We may be classified as a passive foreign investment company, which could result in adverse US federal income tax consequences to US holders of our ADSs or ordinary shares.

Based on our financial statements and relevant market and shareholder data, we believe that we should not be treated as a passive foreign investment company for US federal income tax purposes (“PFIC”) with respect to our most recently closed taxable year. However, the application of the PFIC rules is subject to uncertainty in several respects, and we cannot assure you that we will not be a PFIC for any taxable year. A non-US corporation will be a PFIC for any taxable year if either (i) at least 75% of its gross income for such year is passive income or (ii) at least 50% of the value of its assets (based on an average of the quarterly values of the assets) during such year is attributable to assets that produce passive income or are held for the production of passive income. A separate determination must be made after the close of each taxable year as to whether we were a PFIC for that year. Because the value of our assets for purposes of the PFIC test will generally be determined by reference to the market price of our ADSs and ordinary shares, fluctuations in the market price of the ADSs and ordinary shares may cause us to become a PFIC. In addition, changes in the composition of our income or assets may cause us to become a PFIC. If we are a PFIC for any taxable year during which a US holder (as defined in “Part I — Item 10 — Additional Information — E. Taxation — US Federal Income Taxation” in our annual report on Form 20-F for the year ended March 31, 2018) holds an ADS or ordinary share, certain adverse US federal income tax consequences could apply to such US holder.

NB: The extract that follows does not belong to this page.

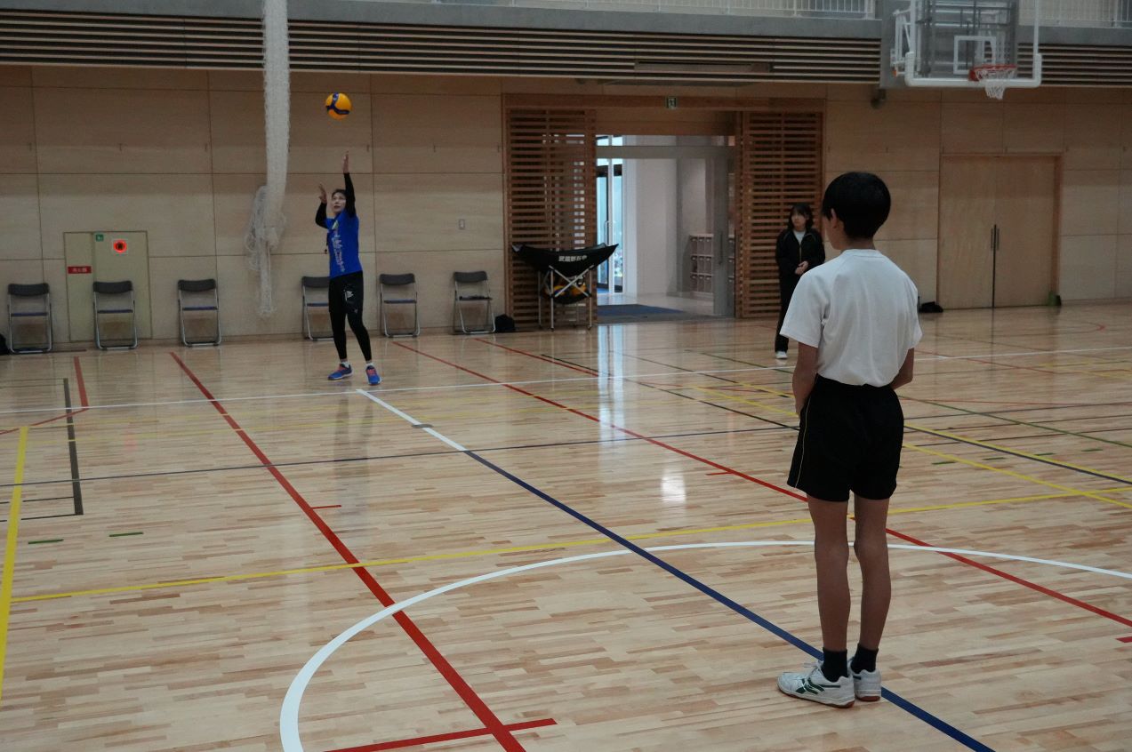 休み時間から早めに体育館にきて、バレーボールを始めた姿が嬉しかったです!ボールが腕に当たって「痛い」と言いながらも、皆さんが本当に楽しく一生懸命にバレーボールに取り組んでくれ、「どうやったら上手くなれますか?」という質問も受け、貴重な時間となりました。これから受験に向かっていくと思いますが、授業の時のような諦めない姿を見せてくださいね!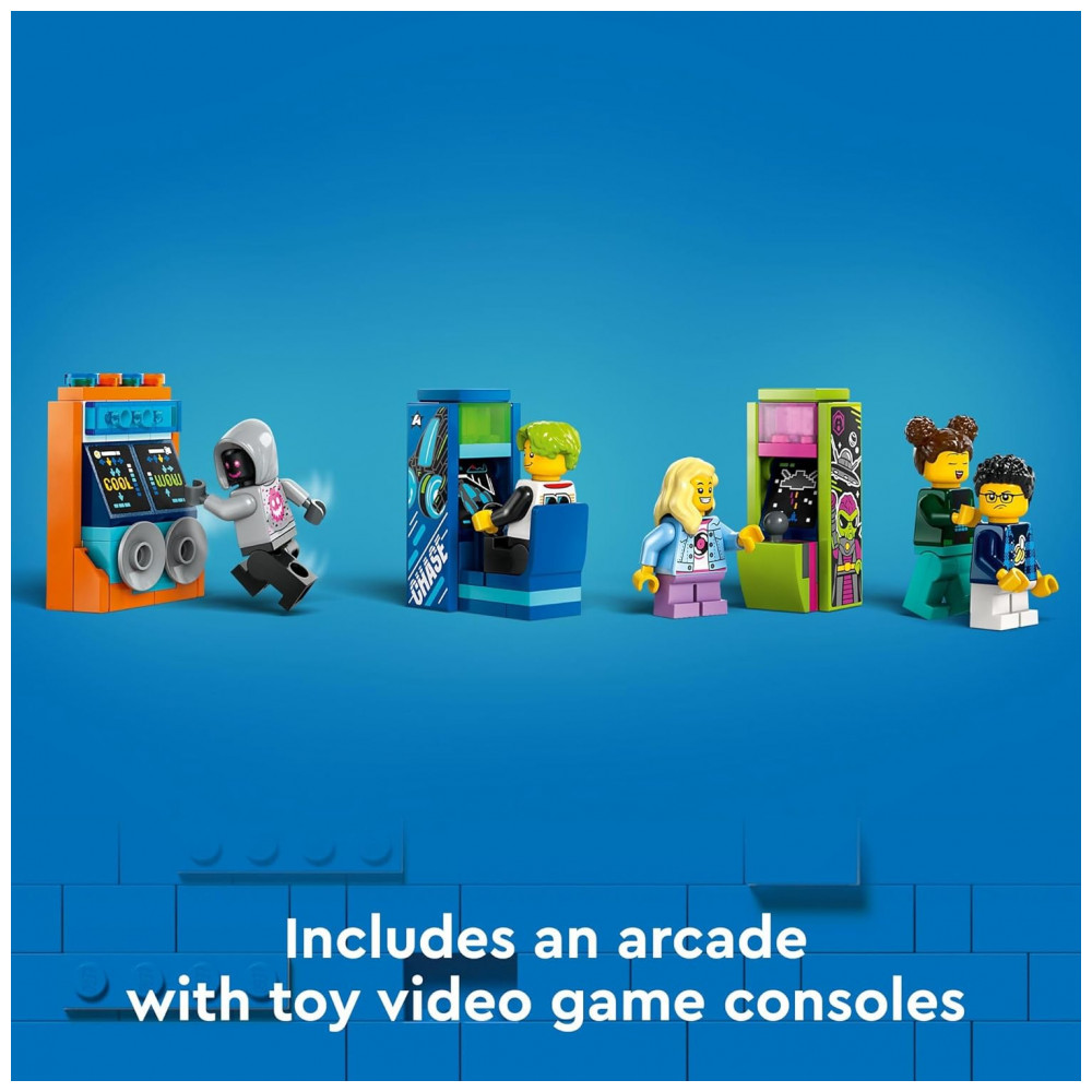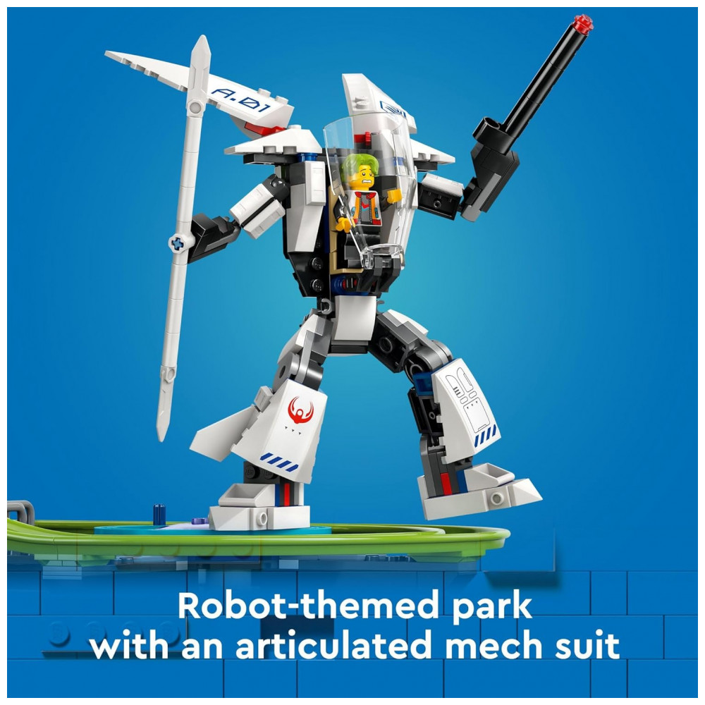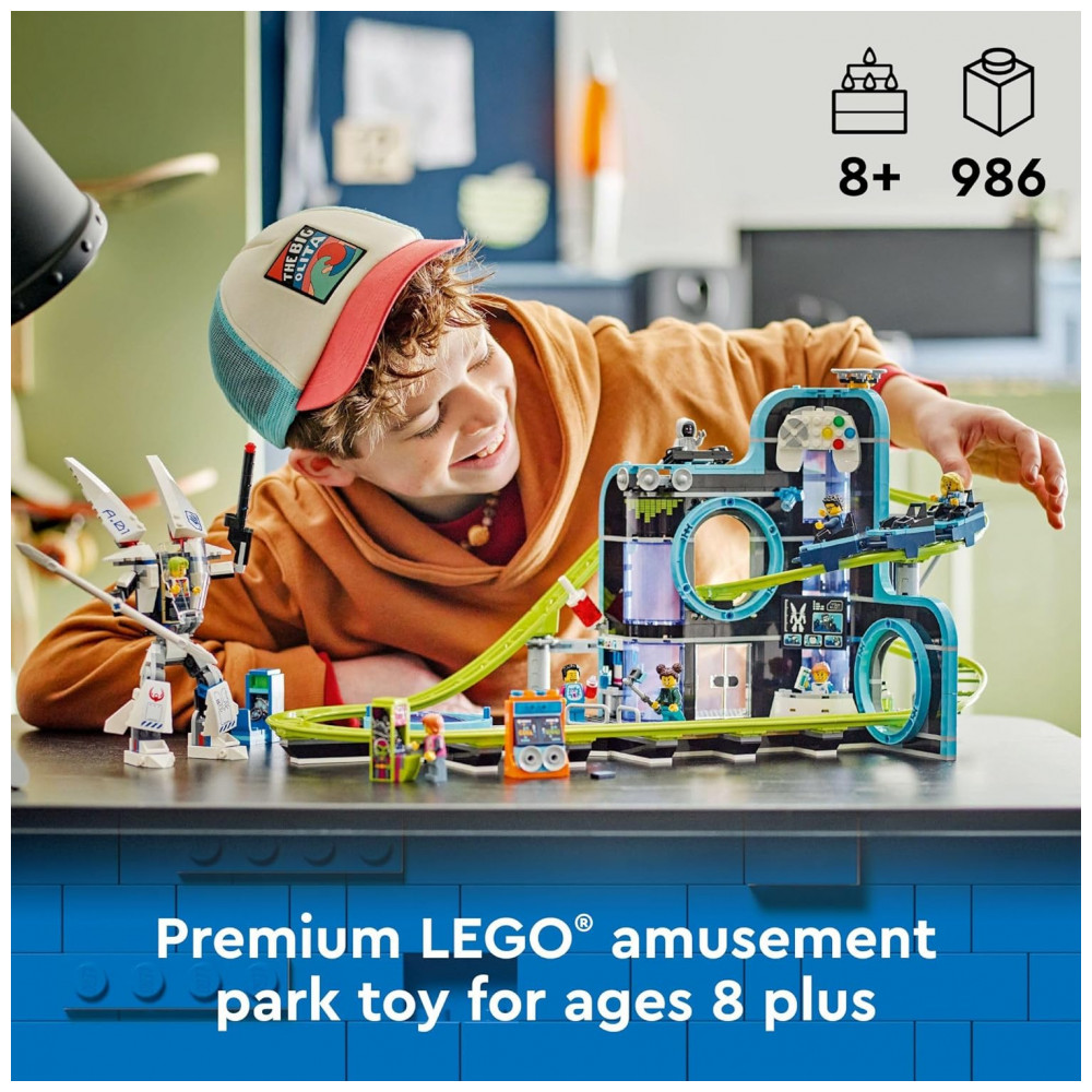 A montanha-russa utiliza um circuito elevado com subidas e curvas, onde o trem de três vagões pode ser deslocado manualmente ao longo dos trilhos. O robô possui membros articulados e ponto de fixação para minifigura no cockpit, compondo cenas de apresentação ou exposição dentro do parque. As máquinas de arcade, consoles de videogame e acessórios de parque, como troféu, copos de bebida e celulares, ampliam as possibilidades de montagem de cenas e narrativas.

If a United States person is treated as owning at least 10% of our ordinary shares (or ADSs), such holder may be subject to adverse US federal income tax consequences.

If a United States person is treated as owning (directly, indirectly or constructively) at least 10% of the value or voting power of our ordinary shares (or ADSs), such person may be treated as a “United States shareholder” with respect to each “controlled foreign corporation” in our group (if any). Because our group includes one or more US subsidiaries, certain of our non-US subsidiaries could be treated as controlled foreign corporations (regardless of whether we are or are not treated as a controlled foreign corporation). A United States shareholder of a controlled foreign corporation may be required to annually report and include in its US taxable income its pro rata share of “Subpart F income”, “global intangible low-taxed income” and investments in US property by controlled foreign corporations, whether or not we make any distributions. An individual that is a United States shareholder with respect to a controlled foreign corporation generally would not be allowed certain tax deductions or foreign tax credits that would be allowed to a United States shareholder that is a US corporation. A failure to comply with these reporting obligations may subject such holder to significant monetary penalties and may prevent the statute of limitations with respect to such holder’s US federal income tax return for the year for which reporting was due from starting. We cannot provide any assurances that we will assist investors in determining whether any of our non-US subsidiaries are treated as a controlled foreign corporation or whether such investor is treated as a United States shareholder with respect to any of such controlled foreign corporations or furnish to any United States shareholders information that may be necessary to comply with the aforementioned reporting and tax paying obligations. A United States investor should consult their own advisors regarding the potential application of these rules to its investment in our ordinary shares (or ADSs).